= Willibad =

Willibad, also spelled Willebad or Willihad (died 642), was the Patrician of Burgundian Provence in the first half of the seventh century. Willibad may have been a Frank or perhaps a Burgundian, one of the last representatives of the native nobility which had been subdued by the Franks in 534. He died in the Battle of Autun in 642/643.

The centre of Willibad's power was Lyon, Vienne, and Valence. Willibad's influence in Burgundy, though immense, was not absolute. Among his enemies were the dukes Chramnelenus of Besançon, Wandalbert of Chambly, and Amalgar of Dijon. The clan of Waldelenus and the supporters of Columban also opposed him.

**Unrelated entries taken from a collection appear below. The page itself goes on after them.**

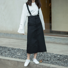 MARANT学院风肌理感高腰开衩背带裙宽松显瘦百搭中长款连衣裙女春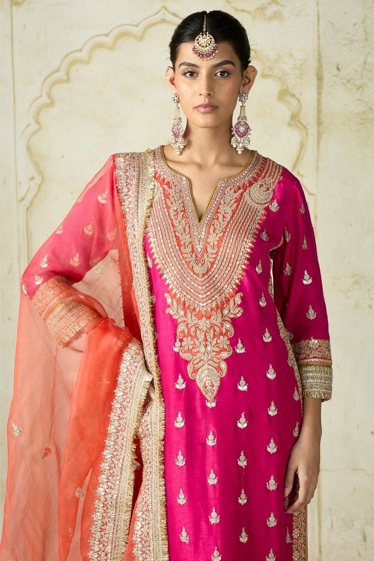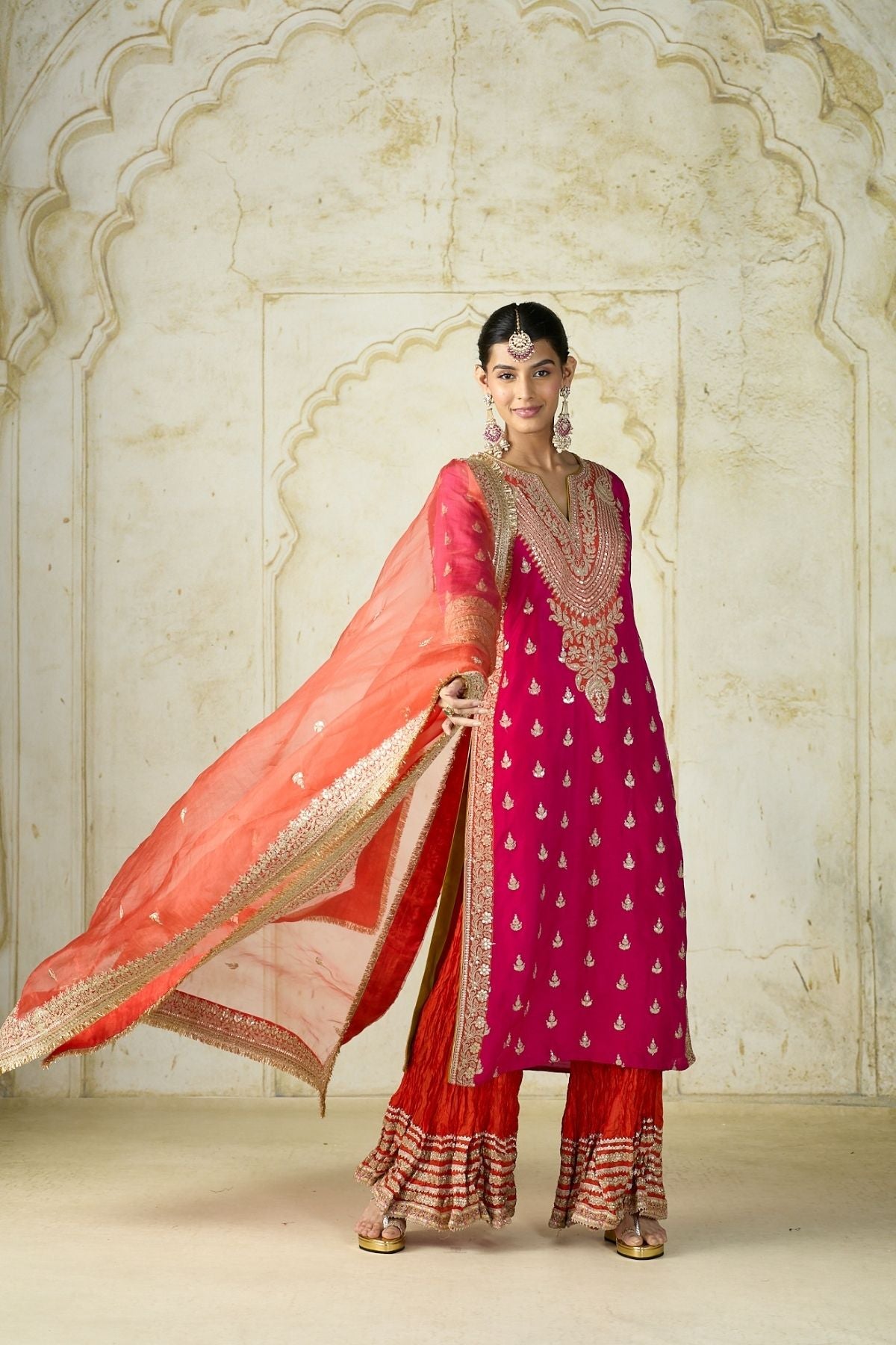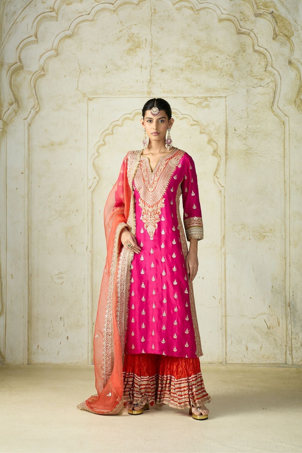 The straight-cut kurta features intricate work along the neckline and cuffs, with scattered motifs enhancing its regal appeal. Paired with a striking contrast crinkled sharara the ensemble balances bold color play with traditional charm. The sheer matching dupatta, finished with an embellished border and delicate motifs, completes the look with grace.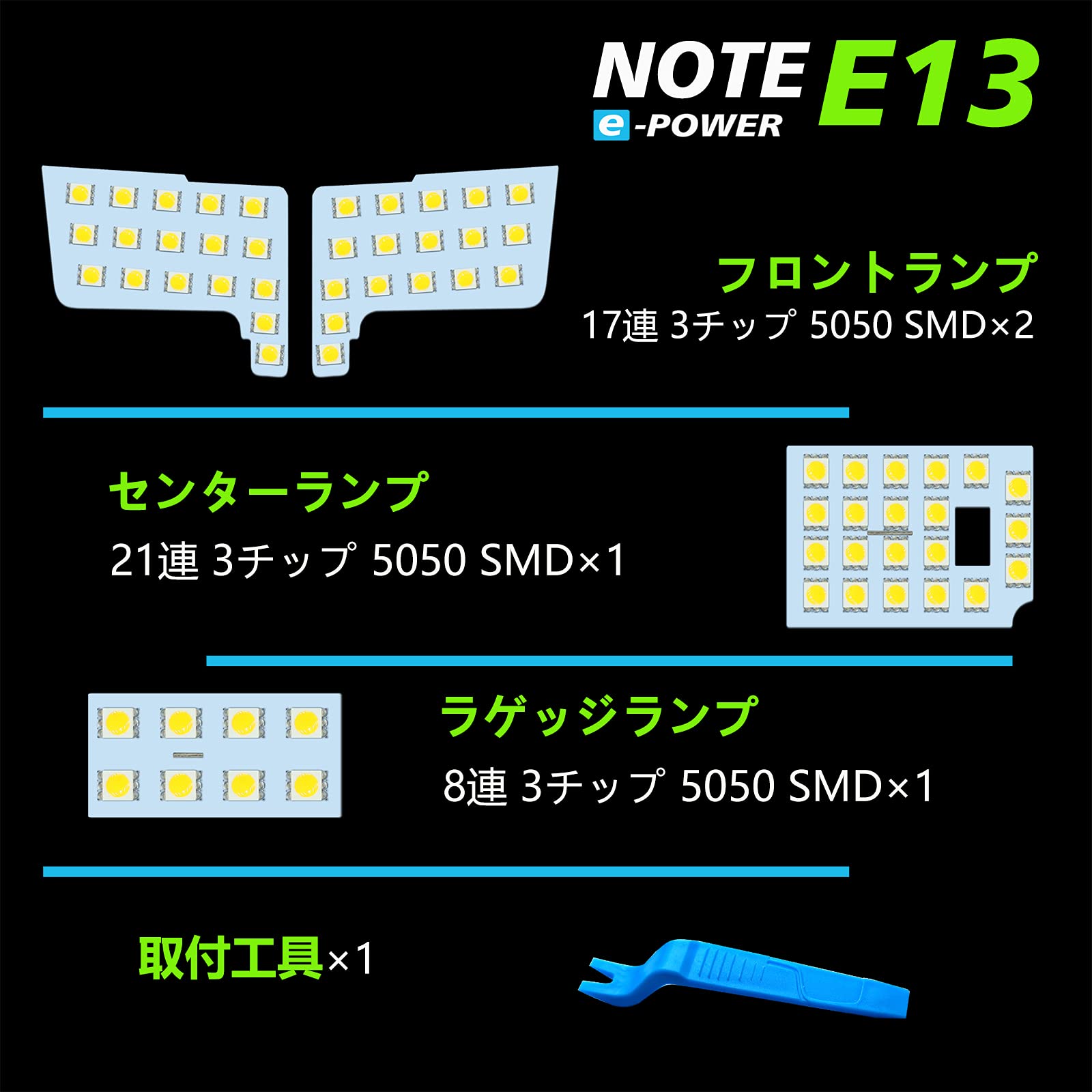 【在庫セール】ZXREEK 新型 ノート E13 LED ルームランプ セット 車種専用設計 日産 ノート NOTE E13 SNE13 R2.12~ LED 室内灯 純正交換 高輝度 6000K ホワイト 3 chips 5050 189 ? 全4点 取付工具付 取扱説明書 (ノートNOTE E13 用) | POPストア
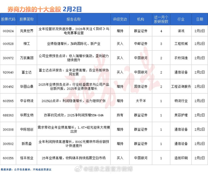 据证券之星数据库不完全统计,2月2日券商共给予超10家A股上市公司“买入”评级。从行业分布看,券商2月2日关注的个股聚焦于游戏、工程机械、农牧饲渔、通信设备、工程咨询服务、物流、美容护理、造纸印刷等行业。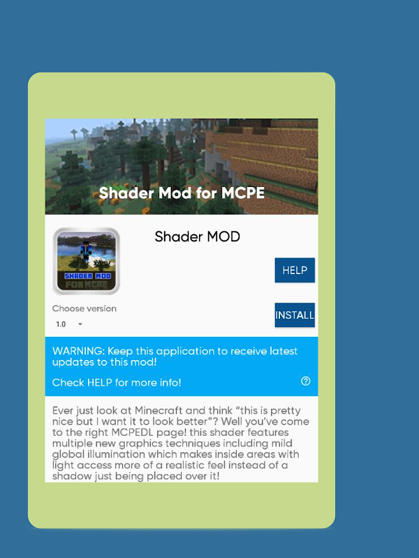 Shader Addon for MCPE is an application that give you the easiest way to install Shader Addon into your Minecraft world.

Willibad had a long-running feud with Flaochad when the latter was appointed mayor of the palace of Burgundy in 639. Flaochad immediately set out to destroy Willibad. At a court at Chalon, Flaochad tried to assassinate him, but, failing, instead left his palace to challenge him to a duel, which Flaochad's brother Amalbert prevented from happening.

Finally, Clovis II, conspiring with Flaochad, held a court near Autun and summoned Willibad. The two Burgundian magnates met in battle and Willibad was killed. Flaochad only survived him eleven days. According to Fredegar, who seems to have been personally interested in this event, the last which he recorded, both were the victims of divine judgement, for they had sworn friendship in holy places and had subsequently despoiled land to enrich themselves and made war on each other. After the battle at Autun, Willibad's tent had been pillaged and his wealth dispersed. A hoard of coins found at Buis in Saône-et-Loire have been hypothesized to be from his treasure.